Entries taken from a collection:
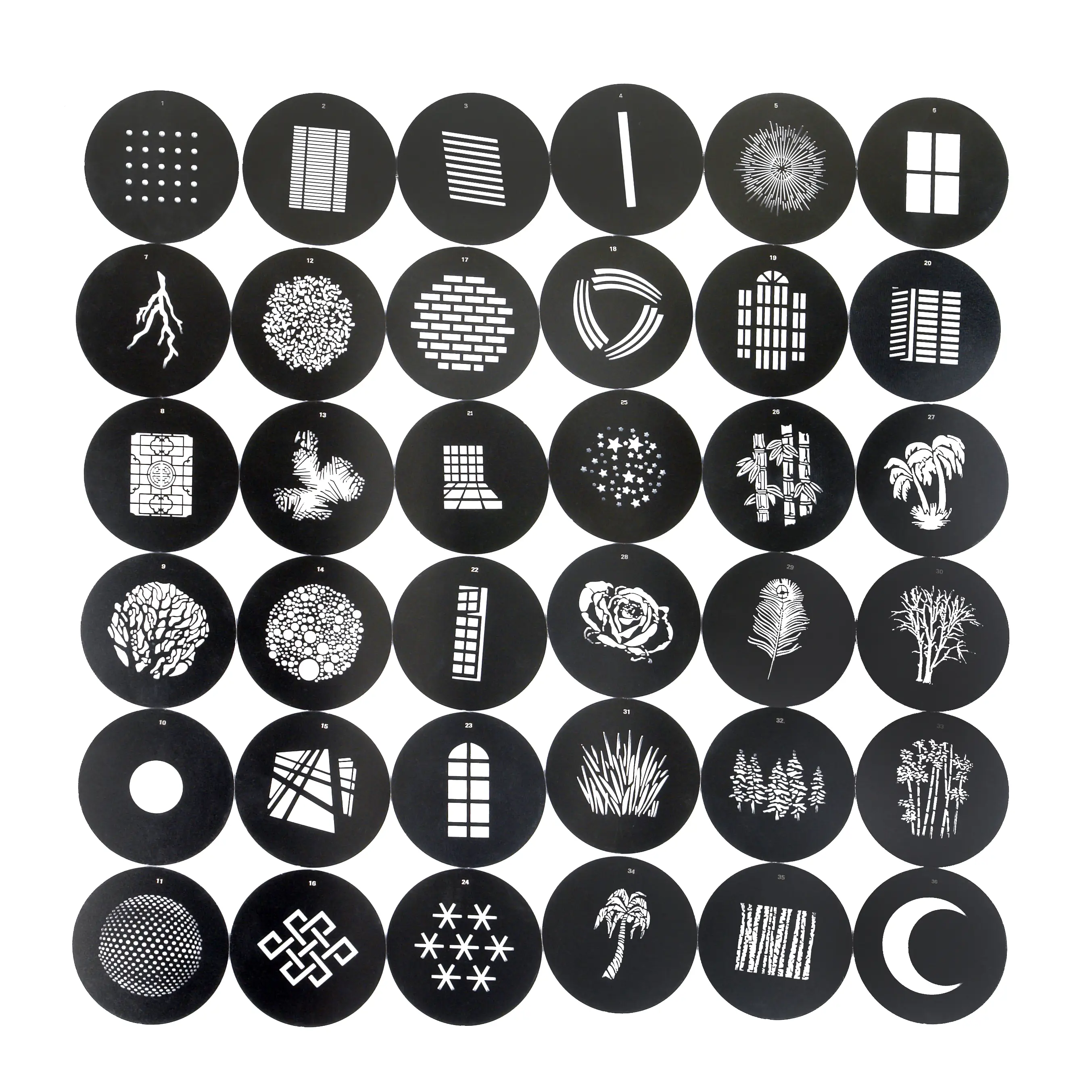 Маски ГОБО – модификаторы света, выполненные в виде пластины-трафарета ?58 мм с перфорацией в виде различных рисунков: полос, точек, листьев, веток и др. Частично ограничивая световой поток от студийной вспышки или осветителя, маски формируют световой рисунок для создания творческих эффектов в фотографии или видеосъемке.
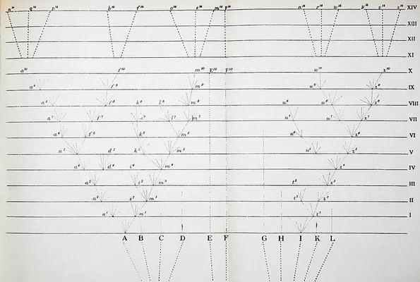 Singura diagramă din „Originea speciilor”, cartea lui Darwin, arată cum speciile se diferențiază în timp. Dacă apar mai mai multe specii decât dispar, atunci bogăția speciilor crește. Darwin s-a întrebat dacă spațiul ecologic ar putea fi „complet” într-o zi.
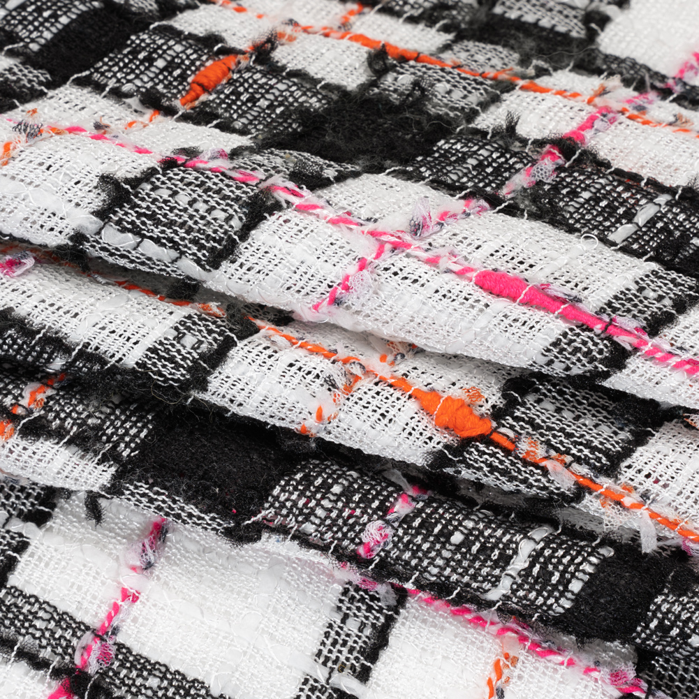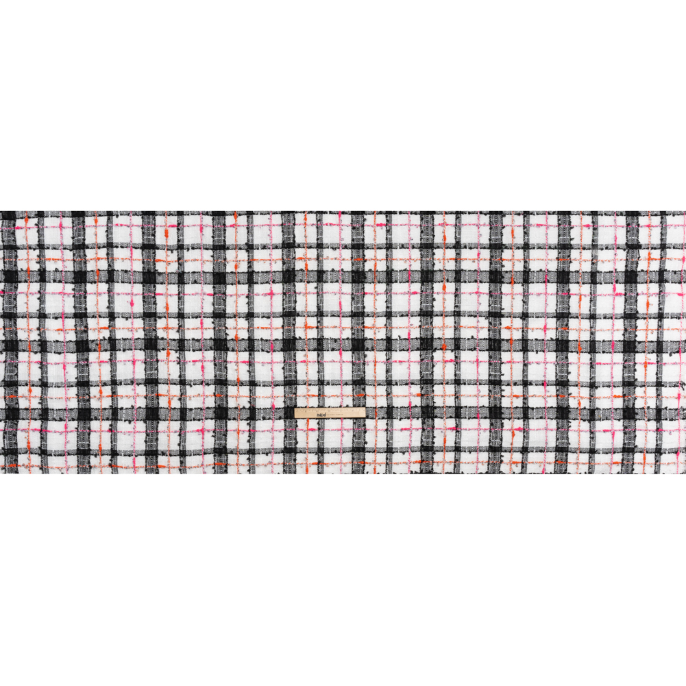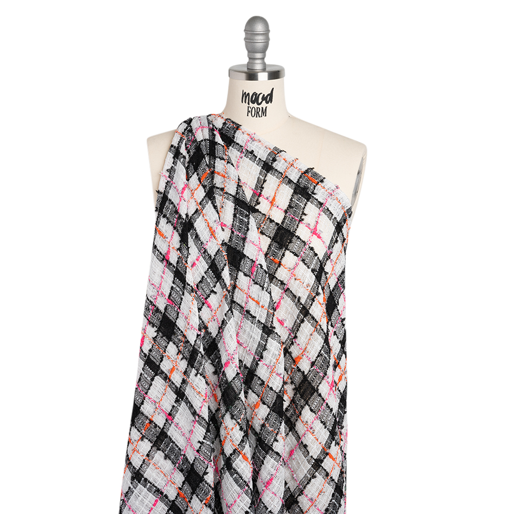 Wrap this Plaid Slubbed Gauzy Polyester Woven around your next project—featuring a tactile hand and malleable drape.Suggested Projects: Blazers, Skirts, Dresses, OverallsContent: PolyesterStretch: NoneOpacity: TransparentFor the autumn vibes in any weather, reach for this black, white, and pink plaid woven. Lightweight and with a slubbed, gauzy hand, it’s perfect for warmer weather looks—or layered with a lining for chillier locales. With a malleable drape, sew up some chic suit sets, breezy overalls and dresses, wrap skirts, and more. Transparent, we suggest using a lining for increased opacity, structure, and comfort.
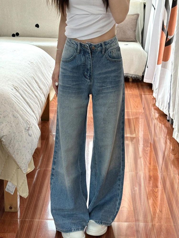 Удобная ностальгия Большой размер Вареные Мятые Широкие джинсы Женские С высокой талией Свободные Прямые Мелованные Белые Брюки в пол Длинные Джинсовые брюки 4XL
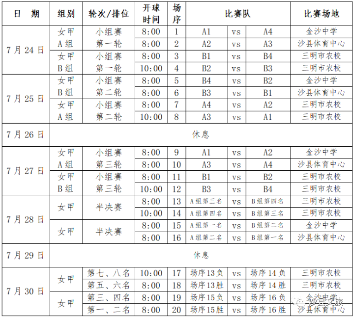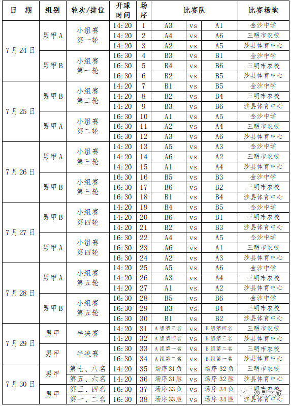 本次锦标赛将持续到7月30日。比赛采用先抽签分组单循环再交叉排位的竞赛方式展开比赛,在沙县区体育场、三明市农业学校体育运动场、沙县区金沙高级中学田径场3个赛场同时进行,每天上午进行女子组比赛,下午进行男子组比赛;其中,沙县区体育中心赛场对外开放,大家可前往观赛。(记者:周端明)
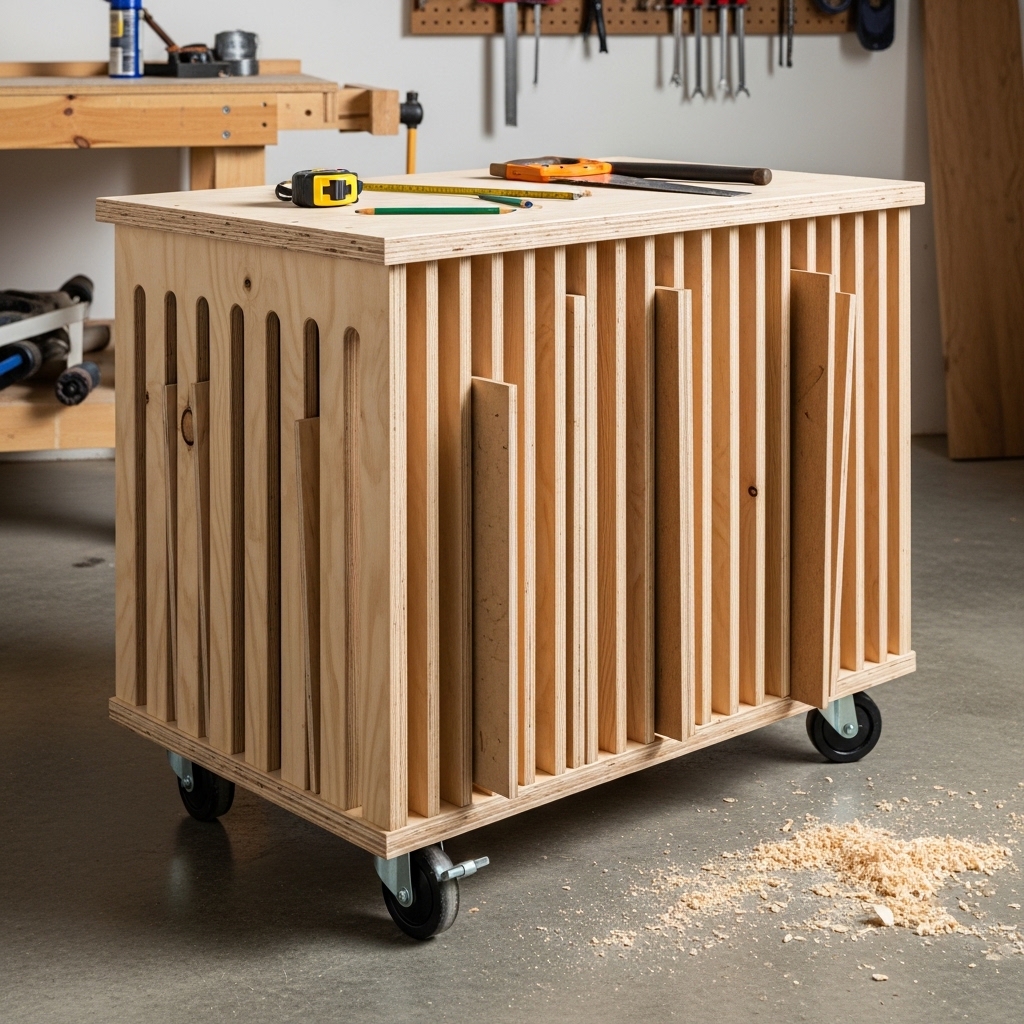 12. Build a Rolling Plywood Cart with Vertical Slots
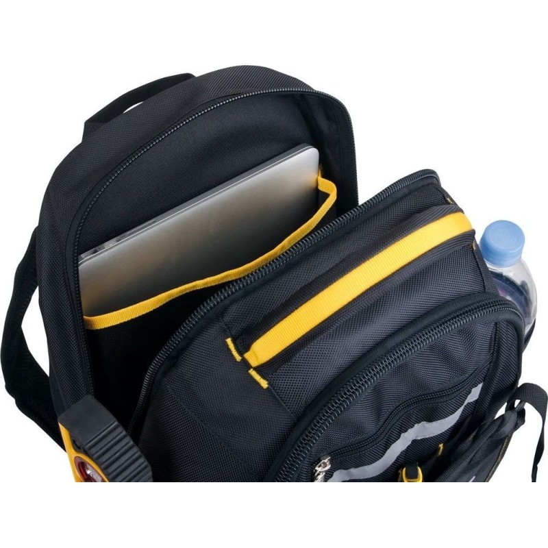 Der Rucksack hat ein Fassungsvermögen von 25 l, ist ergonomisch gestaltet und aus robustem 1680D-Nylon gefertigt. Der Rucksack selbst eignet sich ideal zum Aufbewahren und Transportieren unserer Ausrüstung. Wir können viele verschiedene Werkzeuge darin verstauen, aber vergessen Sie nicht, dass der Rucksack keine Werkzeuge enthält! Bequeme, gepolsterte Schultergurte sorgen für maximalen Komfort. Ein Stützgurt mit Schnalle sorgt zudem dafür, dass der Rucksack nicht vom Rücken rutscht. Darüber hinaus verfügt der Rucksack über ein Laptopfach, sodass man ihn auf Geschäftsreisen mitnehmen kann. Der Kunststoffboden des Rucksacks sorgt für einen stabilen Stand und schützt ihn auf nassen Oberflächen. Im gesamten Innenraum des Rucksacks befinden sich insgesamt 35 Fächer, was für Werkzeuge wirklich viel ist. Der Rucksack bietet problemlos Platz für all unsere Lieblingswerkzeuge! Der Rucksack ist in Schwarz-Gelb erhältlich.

WORK ITEM: Output every entry verbatim but skip the pictures.

SOLUTION FOR THIS PROBLEM:
 Маски ГОБО – модификаторы света, выполненные в виде пластины-трафарета ?58 мм с перфорацией в виде различных рисунков: полос, точек, листьев, веток и др. Частично ограничивая световой поток от студийной вспышки или осветителя, маски формируют световой рисунок для создания творческих эффектов в фотографии или видеосъемке.
 Singura diagramă din „Originea speciilor”, cartea lui Darwin, arată cum speciile se diferențiază în timp. Dacă apar mai mai multe specii decât dispar, atunci bogăția speciilor crește. Darwin s-a întrebat dacă spațiul ecologic ar putea fi „complet” într-o zi.
 Wrap this Plaid Slubbed Gauzy Polyester Woven around your next project—featuring a tactile hand and malleable drape.Suggested Projects: Blazers, Skirts, Dresses, OverallsContent: PolyesterStretch: NoneOpacity: TransparentFor the autumn vibes in any weather, reach for this black, white, and pink plaid woven. Lightweight and with a slubbed, gauzy hand, it’s perfect for warmer weather looks—or layered with a lining for chillier locales. With a malleable drape, sew up some chic suit sets, breezy overalls and dresses, wrap skirts, and more. Transparent, we suggest using a lining for increased opacity, structure, and comfort.
 Удобная ностальгия Большой размер Вареные Мятые Широкие джинсы Женские С высокой талией Свободные Прямые Мелованные Белые Брюки в пол Длинные Джинсовые брюки 4XL
 本次锦标赛将持续到7月30日。比赛采用先抽签分组单循环再交叉排位的竞赛方式展开比赛,在沙县区体育场、三明市农业学校体育运动场、沙县区金沙高级中学田径场3个赛场同时进行,每天上午进行女子组比赛,下午进行男子组比赛;其中,沙县区体育中心赛场对外开放,大家可前往观赛。(记者:周端明)
 12. Build a Rolling Plywood Cart with Vertical Slots
 Der Rucksack hat ein Fassungsvermögen von 25 l, ist ergonomisch gestaltet und aus robustem 1680D-Nylon gefertigt. Der Rucksack selbst eignet sich ideal zum Aufbewahren und Transportieren unserer Ausrüstung. Wir können viele verschiedene Werkzeuge darin verstauen, aber vergessen Sie nicht, dass der Rucksack keine Werkzeuge enthält! Bequeme, gepolsterte Schultergurte sorgen für maximalen Komfort. Ein Stützgurt mit Schnalle sorgt zudem dafür, dass der Rucksack nicht vom Rücken rutscht. Darüber hinaus verfügt der Rucksack über ein Laptopfach, sodass man ihn auf Geschäftsreisen mitnehmen kann. Der Kunststoffboden des Rucksacks sorgt für einen stabilen Stand und schützt ihn auf nassen Oberflächen. Im gesamten Innenraum des Rucksacks befinden sich insgesamt 35 Fächer, was für Werkzeuge wirklich viel ist. Der Rucksack bietet problemlos Platz für all unsere Lieblingswerkzeuge! Der Rucksack ist in Schwarz-Gelb erhältlich.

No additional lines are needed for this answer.